Identifican 16 enfermedades asociadas al riesgo de demencia
SOFIA ZANOTTILa demencia afecta actualmente a más de 55 millones de personas en el mundo y cada año se registran cerca de diez millones de nuevos casos, según datos de la Organización Mundial de la Salud. Aunque tradicionalmente se la asoció exclusivamente a enfermedades del cerebro, nuevas investigaciones amplían la mirada hacia otros factores de salud.

Una reciente revisión sistemática publicada en la revista Nature Human Behaviour identificó 16 enfermedades periféricas que presentan una relación estadística con un mayor riesgo de desarrollar demencia. El trabajo analizó más de 200 estudios científicos disponibles en la base de datos PubMed hasta septiembre de 2024.

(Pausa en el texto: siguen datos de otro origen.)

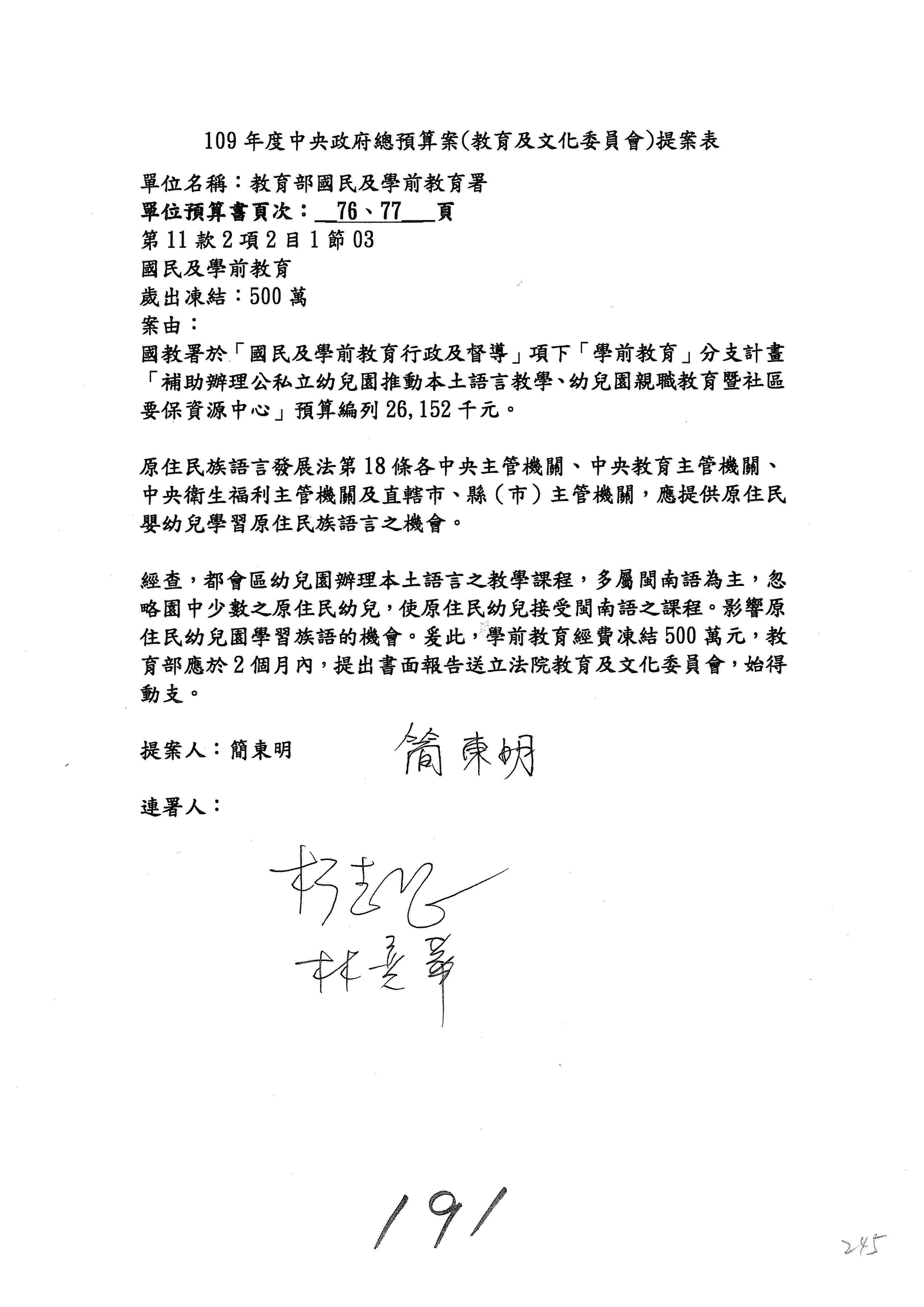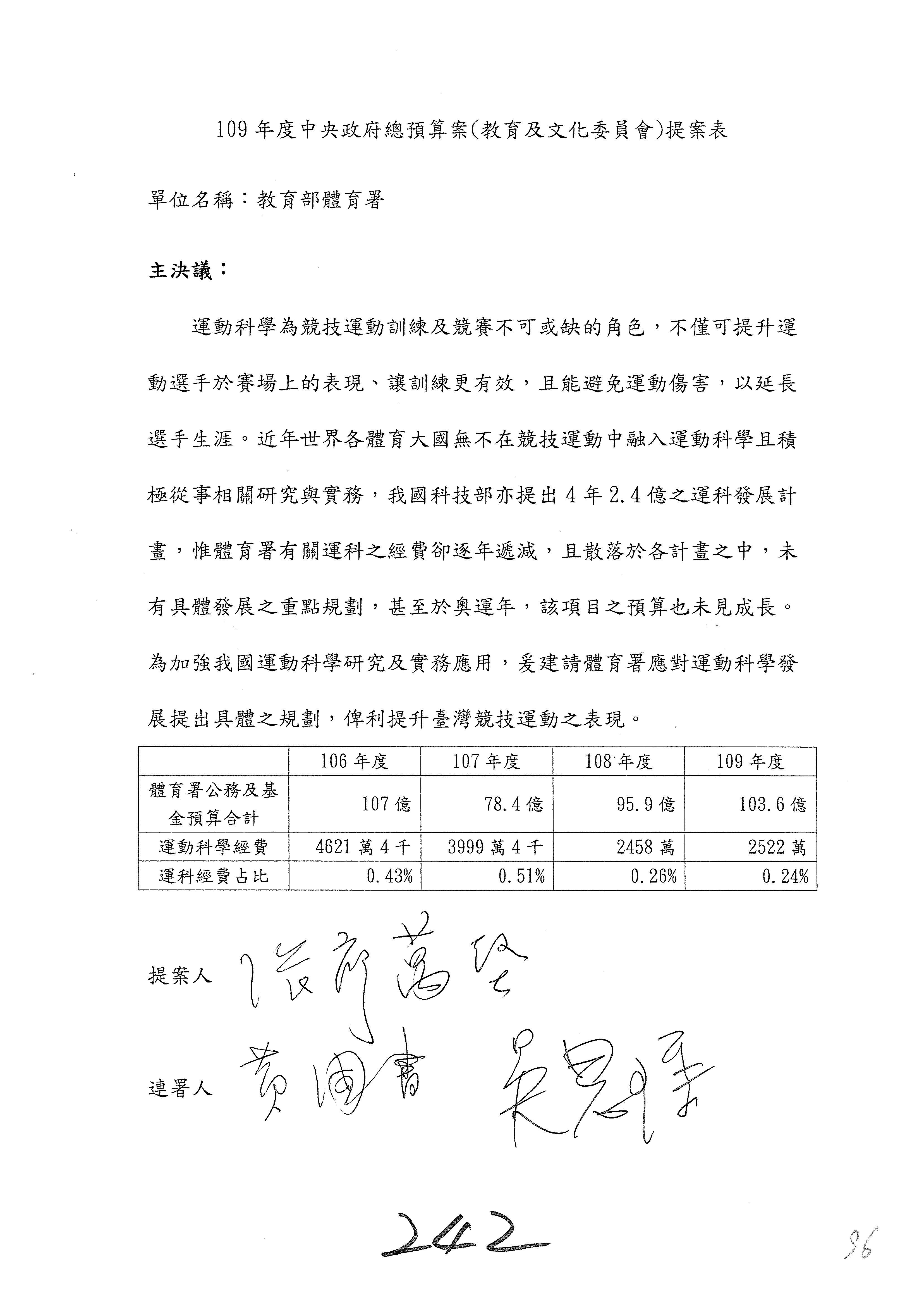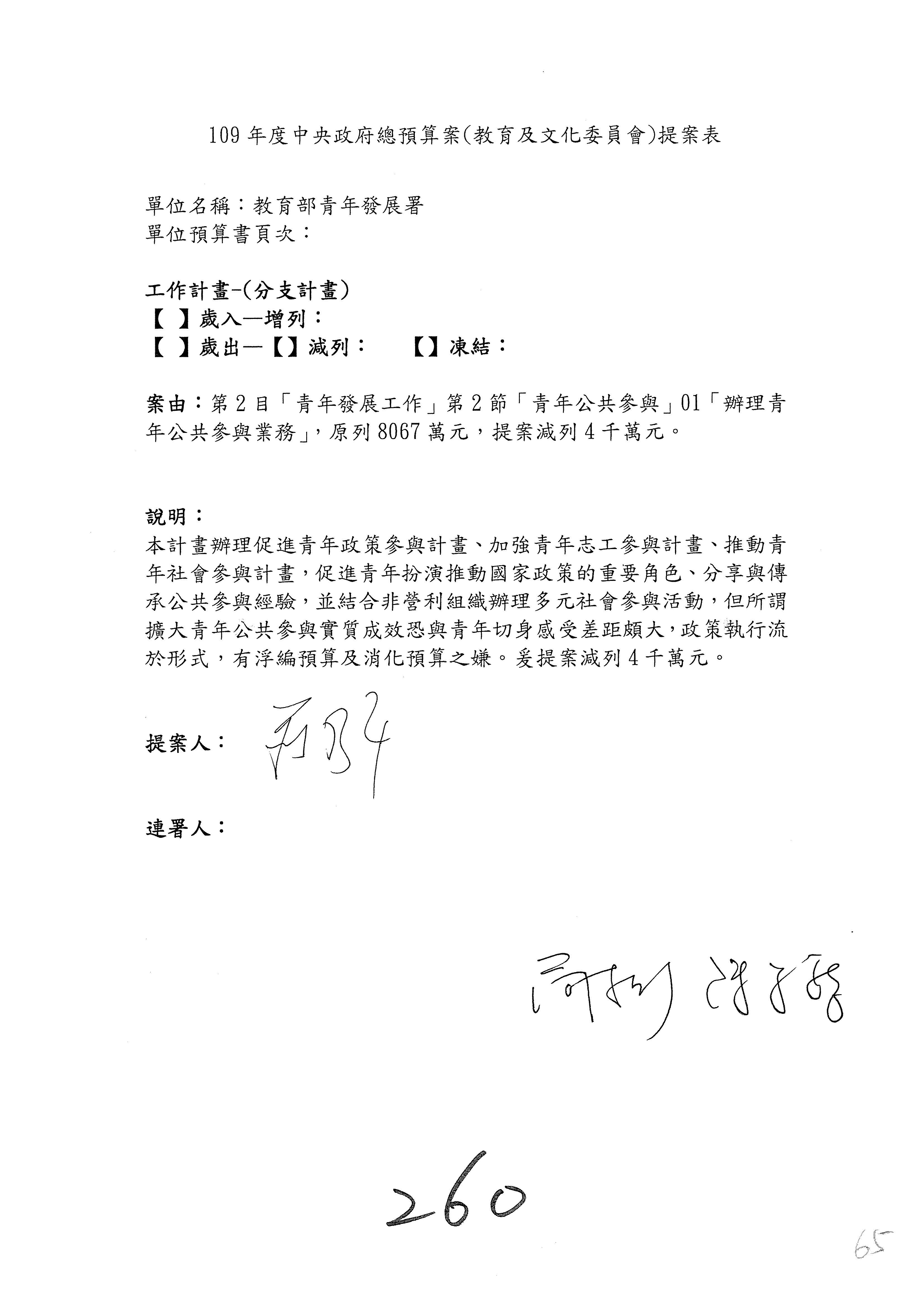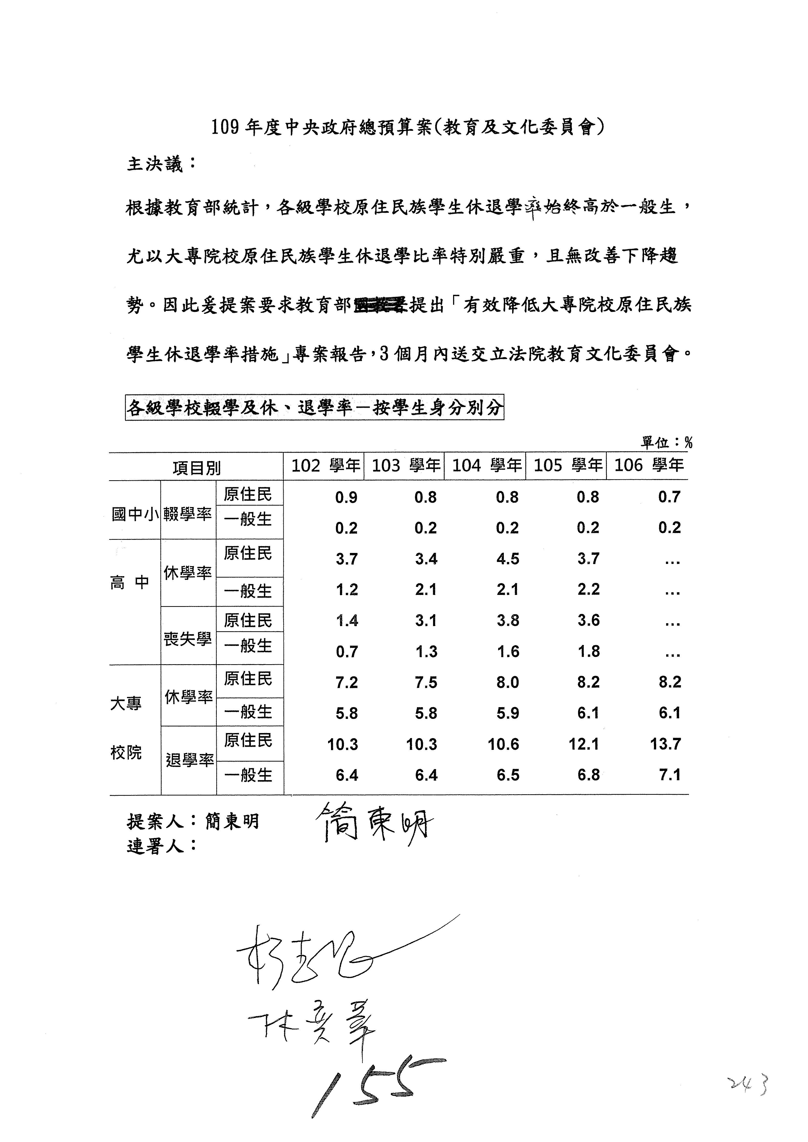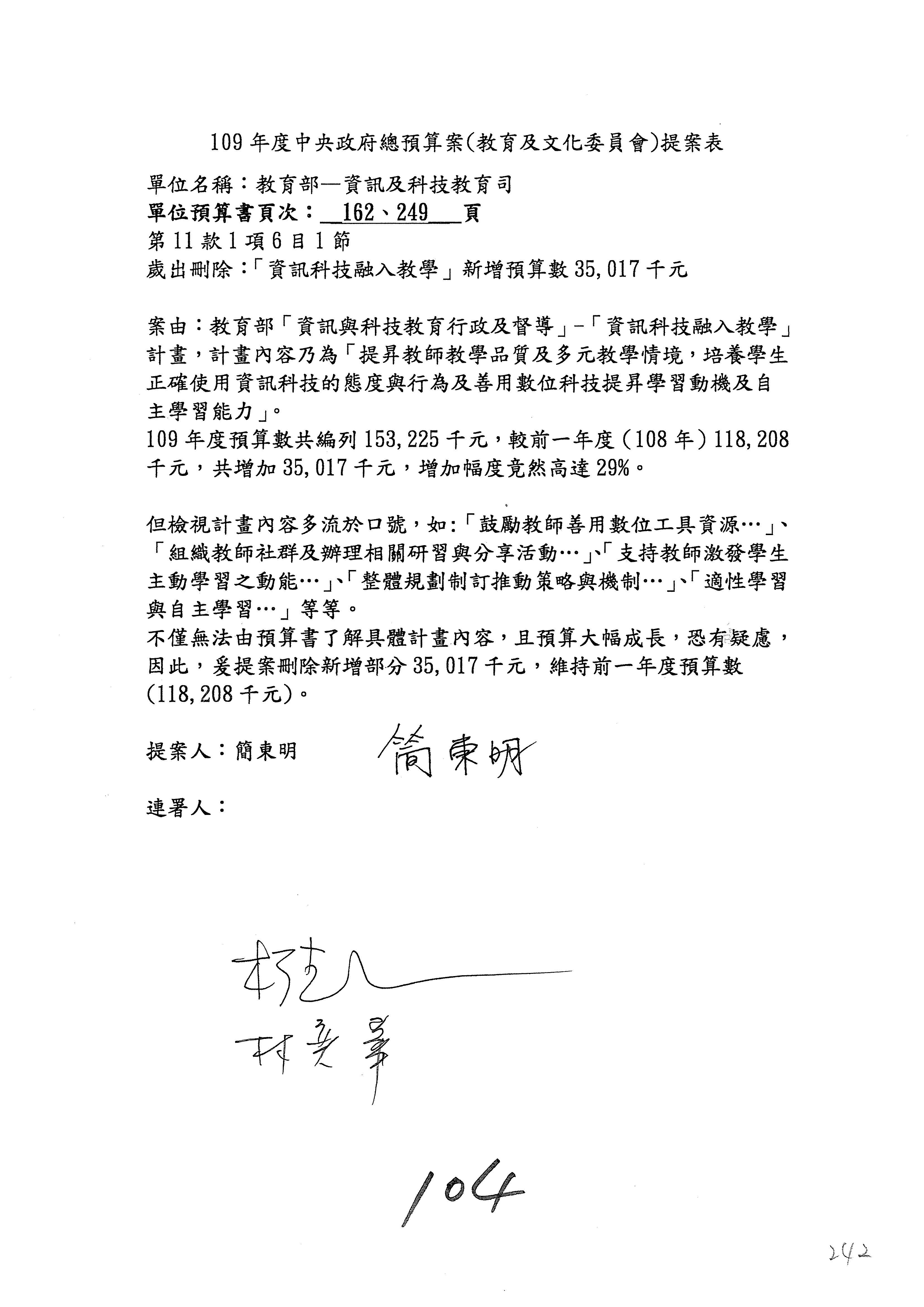 主席:還沒有處理到第106案,現在處理至第101案,這樣就沒問題。第5目預算照列,第99案改為主決議。

El estudio, liderado por investigadores de la Sun Yat-sen University, concluyó que estas afecciones estarían asociadas a aproximadamente el 33% del peso global de la demencia, lo que equivale a unos 18,8 millones de casos en todo el mundo.
Entre las enfermedades con mayor impacto se destacan la enfermedad periodontal, las patologías hepáticas crónicas como la cirrosis, la pérdida auditiva, los trastornos severos de la visión y la diabetes mellitus tipo 2. También aparecen la insuficiencia renal crónica, la artrosis, enfermedades cardiovasculares y respiratorias, entre otras.
Según el análisis, la enfermedad periodontal encabeza la lista como la afección con mayor contribución individual al riesgo de demencia, lo que refuerza la importancia de la prevención y los controles de salud bucal. La pérdida auditiva y los problemas visuales también figuran entre los factores más relevantes.
Los autores aclararon que los resultados no prueban una relación causal directa, sino una asociación estadística. Sin embargo, señalaron que estos hallazgos abren nuevas oportunidades para la prevención, ya que muchas de estas enfermedades pueden tratarse o controlarse de manera temprana.
En este marco, los especialistas subrayaron la necesidad de estrategias de salud pública que contemplen un enfoque integral, entendiendo que la prevención de la demencia no depende únicamente del cuidado neurológico, sino también del tratamiento oportuno de enfermedades crónicas en otras partes del cuerpo.